When Apple showed a feature, you could bank on that feature being real. When they said something was set to ship in the coming year, it would ship in the coming year. In the worst case, maybe that “year” would have to be stretched to 13 or 14 months. You can stretch the truth and maintain credibility, but you can’t maintain credibility with bullshit. And the “more personalized Siri” features, it turns out, were bullshit.

I have no inside baseball on this particular setback. But I can tell you, Apple wouldn't be the first company to get bitten by slotting AI research into engineering planning windows.

For 30 years, ever since CPUs were pretty well understood animals and memory was more than a few kilobytes, software engineering has been a deterministic profession. You design the interface, you write the spec, you figure out constraints, then you write the code. Rinse and repeat. Great engineers can see most of the major roadblocks in the way because they can visualize how to get from Point A to Point B. You make progress day by day. You pull some all-nighters. And before you know it you have enough features to make a product.

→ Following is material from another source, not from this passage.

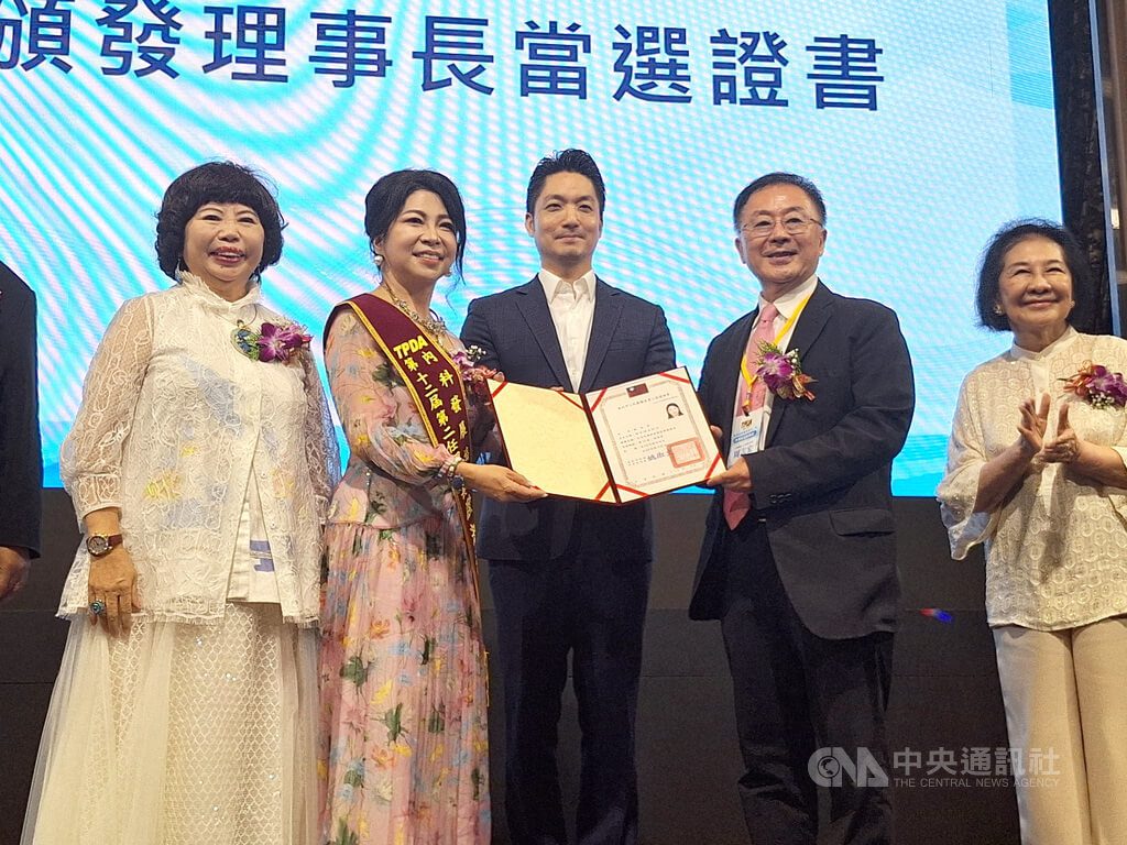 台北內湖科技園區發展協會1日舉辦理事長交接典禮,由大學光董事長歐淑芳(左2)接任理事長。中央社記者何秀玲攝 114年9月1日

Engineering can have measurable progress week over week and month over month. Deadlines are still missed but you can typically see them before they happen. Half of the whole scrum/agile movement was built with the goal of project tracking.¹ If someone is constantly behind their target launch dates on each individual feature, you're probably going to miss the final milestone. If someone is on-track throughout, they can usually wrap it up.

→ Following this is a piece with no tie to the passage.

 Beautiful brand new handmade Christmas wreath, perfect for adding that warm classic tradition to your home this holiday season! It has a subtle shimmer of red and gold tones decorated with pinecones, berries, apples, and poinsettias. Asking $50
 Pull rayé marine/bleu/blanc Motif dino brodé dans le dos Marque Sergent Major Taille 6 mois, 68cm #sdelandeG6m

AI is not like that. Deep transformer architectures perhaps the least of all. I'm reminded of this xkcd comic that rings true even now. Back when I was leading an ML research team, I always had to tell other departments: until we've done it, we haven't done it. You can make 0% progress for months only to one day hit the right combination of data, architecture, and training configurations that solve the problem. You might even get to 95% of the solution only for that last 5% to be impossible.

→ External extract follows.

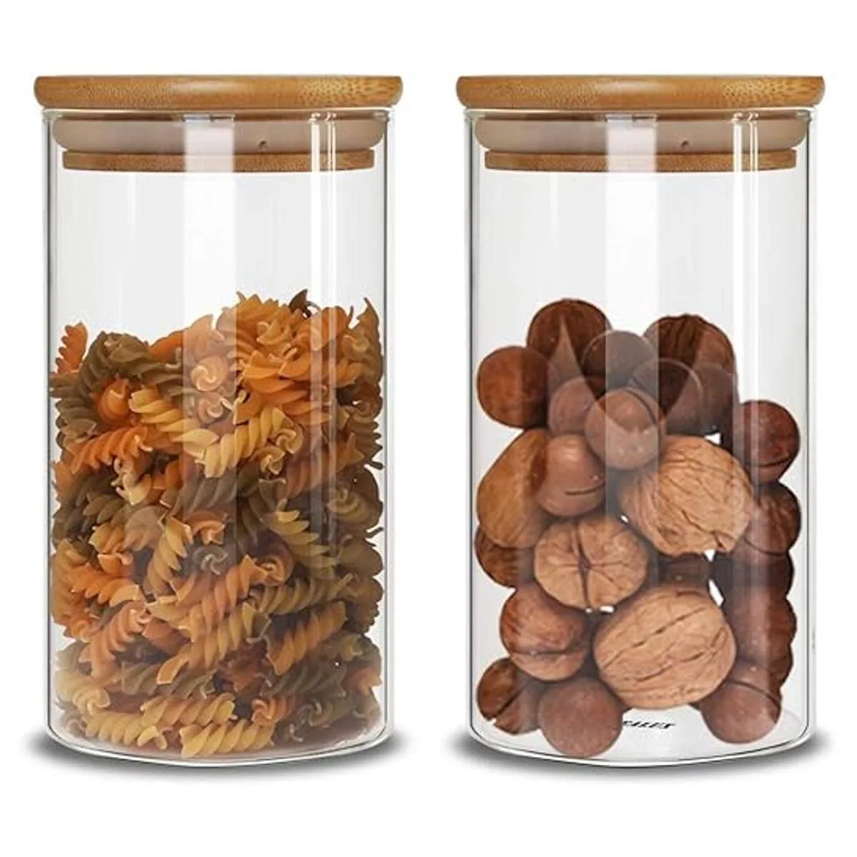 IDEALUX Juego de 2 tarros de almacenamiento de vidrio 48 oz47.3 fl oz con tapa de bambú hermética, tarros de inicio de masa madre de vidrio, recipientes de cocina apilables, perfectos para galletas de café en grano, arroz, azúcar, harina, pasta, masa madre, frutos secos, café

But even that term - impossibility. It feels so imprecise, doesn't it? Is it really impossible? So let's say we mean that it's beyond the capabilities of any probabilistic model right now. There's some missing sauce that just isn't there. But the problem is you don't know that. You can't know that. It's impossible to prove that models can't do something. It's only possible to prove that they can. The only thing we can do is keep trying, however fruitless that may seem.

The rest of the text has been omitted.